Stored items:
◇ ◇ ◇ ◇
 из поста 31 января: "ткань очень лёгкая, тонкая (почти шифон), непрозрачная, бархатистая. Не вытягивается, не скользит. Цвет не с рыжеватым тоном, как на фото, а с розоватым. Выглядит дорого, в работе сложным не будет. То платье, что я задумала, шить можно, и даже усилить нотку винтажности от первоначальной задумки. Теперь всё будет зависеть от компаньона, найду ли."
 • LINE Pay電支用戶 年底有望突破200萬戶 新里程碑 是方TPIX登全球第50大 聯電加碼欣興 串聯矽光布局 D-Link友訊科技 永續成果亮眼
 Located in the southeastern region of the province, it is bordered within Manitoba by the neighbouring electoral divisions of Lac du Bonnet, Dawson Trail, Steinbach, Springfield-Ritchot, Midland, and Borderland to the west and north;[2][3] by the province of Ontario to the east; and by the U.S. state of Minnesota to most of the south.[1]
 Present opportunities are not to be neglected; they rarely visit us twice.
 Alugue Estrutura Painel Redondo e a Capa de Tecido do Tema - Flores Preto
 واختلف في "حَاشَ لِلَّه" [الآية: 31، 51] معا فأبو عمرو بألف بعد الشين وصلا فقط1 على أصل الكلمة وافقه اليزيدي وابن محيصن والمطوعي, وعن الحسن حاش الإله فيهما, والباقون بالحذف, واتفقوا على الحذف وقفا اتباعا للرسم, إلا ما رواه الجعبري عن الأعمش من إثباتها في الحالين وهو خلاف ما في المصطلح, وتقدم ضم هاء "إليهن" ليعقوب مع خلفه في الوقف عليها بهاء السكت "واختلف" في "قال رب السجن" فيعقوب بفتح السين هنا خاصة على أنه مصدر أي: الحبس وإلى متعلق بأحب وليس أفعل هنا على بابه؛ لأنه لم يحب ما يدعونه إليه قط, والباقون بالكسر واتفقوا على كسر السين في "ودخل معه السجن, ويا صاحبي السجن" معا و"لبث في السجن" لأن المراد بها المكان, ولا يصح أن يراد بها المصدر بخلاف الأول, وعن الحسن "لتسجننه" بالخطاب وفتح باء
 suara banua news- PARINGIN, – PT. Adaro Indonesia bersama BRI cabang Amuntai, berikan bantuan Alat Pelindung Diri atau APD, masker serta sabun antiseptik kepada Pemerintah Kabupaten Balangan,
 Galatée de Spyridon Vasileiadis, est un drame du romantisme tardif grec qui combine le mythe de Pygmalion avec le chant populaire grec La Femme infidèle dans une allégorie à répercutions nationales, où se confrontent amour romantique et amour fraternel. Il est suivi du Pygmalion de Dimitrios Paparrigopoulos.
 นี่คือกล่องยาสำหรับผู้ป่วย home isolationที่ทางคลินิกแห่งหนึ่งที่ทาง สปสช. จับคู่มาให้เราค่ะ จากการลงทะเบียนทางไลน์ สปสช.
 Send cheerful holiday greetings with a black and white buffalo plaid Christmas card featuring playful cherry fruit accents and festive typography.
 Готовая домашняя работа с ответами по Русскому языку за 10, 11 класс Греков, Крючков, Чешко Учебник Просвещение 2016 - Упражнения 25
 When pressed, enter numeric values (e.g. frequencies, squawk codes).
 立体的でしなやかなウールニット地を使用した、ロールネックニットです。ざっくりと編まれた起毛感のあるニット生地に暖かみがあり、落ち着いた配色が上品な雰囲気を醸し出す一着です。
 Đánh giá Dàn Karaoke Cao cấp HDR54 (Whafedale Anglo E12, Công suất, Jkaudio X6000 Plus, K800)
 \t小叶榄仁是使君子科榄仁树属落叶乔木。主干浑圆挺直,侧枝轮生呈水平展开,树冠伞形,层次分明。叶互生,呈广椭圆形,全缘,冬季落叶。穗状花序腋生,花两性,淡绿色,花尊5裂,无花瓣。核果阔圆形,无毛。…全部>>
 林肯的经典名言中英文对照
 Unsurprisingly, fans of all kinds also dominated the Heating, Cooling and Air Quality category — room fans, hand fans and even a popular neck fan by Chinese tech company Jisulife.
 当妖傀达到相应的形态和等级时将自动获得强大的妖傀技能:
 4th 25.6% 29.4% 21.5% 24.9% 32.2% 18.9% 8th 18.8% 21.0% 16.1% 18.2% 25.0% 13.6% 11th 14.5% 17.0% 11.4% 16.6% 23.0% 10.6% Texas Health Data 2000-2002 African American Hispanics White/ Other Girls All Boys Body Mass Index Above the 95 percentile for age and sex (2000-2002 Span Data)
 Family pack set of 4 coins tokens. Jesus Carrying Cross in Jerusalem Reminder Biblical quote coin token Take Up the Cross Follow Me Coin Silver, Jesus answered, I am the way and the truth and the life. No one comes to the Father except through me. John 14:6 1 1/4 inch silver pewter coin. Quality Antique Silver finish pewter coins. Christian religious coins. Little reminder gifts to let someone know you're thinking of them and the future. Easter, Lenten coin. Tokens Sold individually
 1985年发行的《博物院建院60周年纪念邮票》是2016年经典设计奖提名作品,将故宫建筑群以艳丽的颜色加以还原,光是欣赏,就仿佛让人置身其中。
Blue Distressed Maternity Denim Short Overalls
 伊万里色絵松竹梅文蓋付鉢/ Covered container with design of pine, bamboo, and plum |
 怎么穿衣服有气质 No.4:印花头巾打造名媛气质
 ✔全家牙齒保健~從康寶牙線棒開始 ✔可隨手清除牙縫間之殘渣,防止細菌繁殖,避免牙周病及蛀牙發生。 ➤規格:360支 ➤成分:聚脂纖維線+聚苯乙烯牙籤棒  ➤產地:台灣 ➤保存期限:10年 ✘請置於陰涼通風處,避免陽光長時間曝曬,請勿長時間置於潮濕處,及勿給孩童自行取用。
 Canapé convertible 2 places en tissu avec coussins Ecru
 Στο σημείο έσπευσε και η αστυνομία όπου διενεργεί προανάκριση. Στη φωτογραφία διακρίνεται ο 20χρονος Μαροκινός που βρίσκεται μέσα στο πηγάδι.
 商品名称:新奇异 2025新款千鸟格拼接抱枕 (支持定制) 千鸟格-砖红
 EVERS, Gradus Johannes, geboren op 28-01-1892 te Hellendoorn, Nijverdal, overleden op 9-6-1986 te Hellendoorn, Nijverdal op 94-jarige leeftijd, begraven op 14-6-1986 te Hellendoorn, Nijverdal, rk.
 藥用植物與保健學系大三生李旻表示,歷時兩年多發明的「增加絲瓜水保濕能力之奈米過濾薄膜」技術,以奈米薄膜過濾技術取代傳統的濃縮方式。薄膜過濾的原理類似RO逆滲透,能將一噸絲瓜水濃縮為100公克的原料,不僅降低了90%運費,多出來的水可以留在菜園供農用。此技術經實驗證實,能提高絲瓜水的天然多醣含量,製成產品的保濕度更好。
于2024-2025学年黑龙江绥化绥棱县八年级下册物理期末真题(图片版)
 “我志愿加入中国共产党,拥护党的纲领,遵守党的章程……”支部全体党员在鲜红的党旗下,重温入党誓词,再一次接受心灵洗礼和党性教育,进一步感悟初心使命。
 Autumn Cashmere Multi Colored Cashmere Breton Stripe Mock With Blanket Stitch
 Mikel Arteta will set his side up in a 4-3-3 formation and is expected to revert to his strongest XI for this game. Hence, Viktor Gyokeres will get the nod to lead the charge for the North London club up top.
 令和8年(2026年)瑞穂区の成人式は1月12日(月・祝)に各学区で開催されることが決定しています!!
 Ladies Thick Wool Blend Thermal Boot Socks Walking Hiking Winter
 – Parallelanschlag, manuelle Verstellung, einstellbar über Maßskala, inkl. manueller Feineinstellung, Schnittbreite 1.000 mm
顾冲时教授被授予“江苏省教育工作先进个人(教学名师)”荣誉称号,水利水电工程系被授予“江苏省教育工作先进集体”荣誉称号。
◇ ◇ ◇ ◇
# EXERCISE DESCRIPTION:
What are the lines, exactly as written above, from the line with "จับคู่มาให้เราค่ะ จากการลงทะเบียนทางไลน์ สปสช." to the line with "4th 25.6% 29.4%", both included? Output only those.

# WRITTEN RESPONSE:
 นี่คือกล่องยาสำหรับผู้ป่วย home isolationที่ทางคลินิกแห่งหนึ่งที่ทาง สปสช. จับคู่มาให้เราค่ะ จากการลงทะเบียนทางไลน์ สปสช.
 Send cheerful holiday greetings with a black and white buffalo plaid Christmas card featuring playful cherry fruit accents and festive typography.
 Готовая домашняя работа с ответами по Русскому языку за 10, 11 класс Греков, Крючков, Чешко Учебник Просвещение 2016 - Упражнения 25
 When pressed, enter numeric values (e.g. frequencies, squawk codes).
 立体的でしなやかなウールニット地を使用した、ロールネックニットです。ざっくりと編まれた起毛感のあるニット生地に暖かみがあり、落ち着いた配色が上品な雰囲気を醸し出す一着です。
 Đánh giá Dàn Karaoke Cao cấp HDR54 (Whafedale Anglo E12, Công suất, Jkaudio X6000 Plus, K800)
 \t小叶榄仁是使君子科榄仁树属落叶乔木。主干浑圆挺直,侧枝轮生呈水平展开,树冠伞形,层次分明。叶互生,呈广椭圆形,全缘,冬季落叶。穗状花序腋生,花两性,淡绿色,花尊5裂,无花瓣。核果阔圆形,无毛。…全部>>
 林肯的经典名言中英文对照
 Unsurprisingly, fans of all kinds also dominated the Heating, Cooling and Air Quality category — room fans, hand fans and even a popular neck fan by Chinese tech company Jisulife.
 当妖傀达到相应的形态和等级时将自动获得强大的妖傀技能:
 4th 25.6% 29.4% 21.5% 24.9% 32.2% 18.9% 8th 18.8% 21.0% 16.1% 18.2% 25.0% 13.6% 11th 14.5% 17.0% 11.4% 16.6% 23.0% 10.6% Texas Health Data 2000-2002 African American Hispanics White/ Other Girls All Boys Body Mass Index Above the 95 percentile for age and sex (2000-2002 Span Data)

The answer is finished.